The Minnesota Department of Corrections (DOC) offers a different way of looking up criminal records. In their website, it's possible to look up their databases of people related to their organisation through their various search engines. This databases are accessible online. This website gives access to the following information:
- Level 3 Predatory Offender Search engine. Here, it's possible to look for level 3 predatory offenders with high risk of re-offending- by name, city, county or even ZIP code.
- Offender Locator. This options allows the user to look up all the offenders who have been committed to the DOC, and are still under their supervision, including those who are currently incarcerated and those who have been released under supervision.
- Active DOC fugitives. This is quite a straight forward database, a collection of pictures of fugitives, with links to their records.
The DOC website also links to the CCH search engine, making it easier to perform background checks and to contrast the information contained in both databases.

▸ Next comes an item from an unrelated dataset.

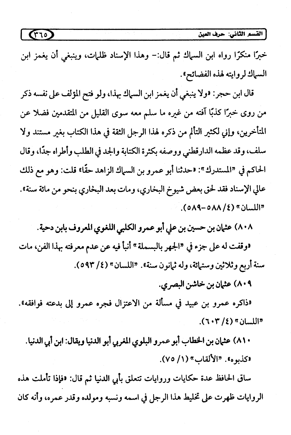 قال ابن حجر: "ولا ينبغي أن يغمز ابن السماك بهذا، ولو فتح المؤلف على نفسه ذكر من روى خبرًا كذبًا آفته من غيره ما سلم معه سوى القليل من المتقدمين فضلا عن المتأخرين، وإني لكثير التألم من ذكره لهذا الرجل الثقة في هذا الكتاب بغير مستند ولا سلف، وقد عظمه الدارقطني ووصفه بكثرة الكتابة والجد في الطلب وأطراه جدًا، وقال الحاكم في "المستدرك": "حدثنا أبو عمرو بن السماك الزاهد حقًا" قلت: وهو مع ذلك عالي الإسناد فقد لحق بعض شيوخ البخاري، ومات بعد البخاري بنحو من مائة سنة". "اللسان" (4/ 588 - 589).

If anyone is looking for information on the sex offender registry, the US Department of Justice's National Sex Offender Public Website (NSOPW) has a powerful search engine that allows the user to look up the sex offender registry database. The main problem with this search engine is that, in order to perform any kind of search, it requires the first name and last name of the alleged offender, which usually makes it really hard to perform the necessary research.
Both the CCH and the DOC databases and search engines provide with extremely useful and personal information. These criminal records can be an extremely useful tool, but they must be used with some degree of intelligence and sensibility. As the CCH's website clearly states, if the criminal record is used to perform a background check on an applicant for a job, it is mandatory to inform the candidate that the background check is being performed through the CCH.